Authorities recovered 12 assault rifles, ammunition, grenades and explosives inside rooms adjacent to marble pathways in the inner courtyard of the temple where 45 people surrendered Wednesday after a confrontation with government forces that killed at least 46 people.
The fighting began May 9 when gunmen fired at an officer ordering them to stop fortifying the shrine.
Looking for Booby Traps
Bomb squads looked for booby traps in the central gold-domed citadel that had been occupied by the militants, who are demanding that Punjab be granted independence as a separate nation called Khalistan.
Police reported that Sikh extremists killed 16 people Thursday in attacks across Punjab state. An estimated 104 people have been killed since Sunday and 1,101 this year in violence connected to the Sikh separatist drive.

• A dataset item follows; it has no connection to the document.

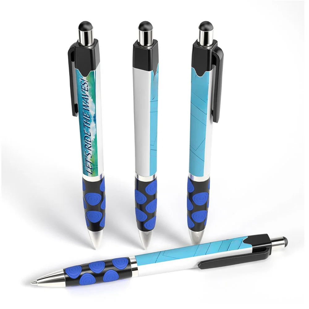 Squared Retractable Dotted Grip Stylus Pen - Full Color Personalization Available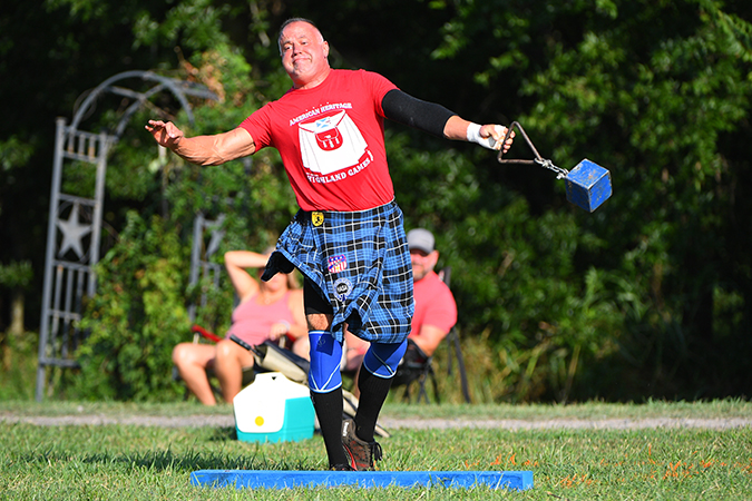 Wearing his family clan tartan, Tedd competes in the weight-for-distance event.

One senior police official estimated the cleanup at the Golden Temple would take about two days, after which the complex will be handed over to a temple management committee to restore religious rituals, stopped for the longest period in more than 200 years.
More than 4,000 officers surrounded the temple during the confrontation and poured weapons fire into the complex but avoided the kind of military assault on the shrine that left more than 600 people dead under similar circumstances in June, 1984.
That assault let to the retaliatory assassination of Prime Minister Indira Gandhi by her Sikh security men in October, 1984.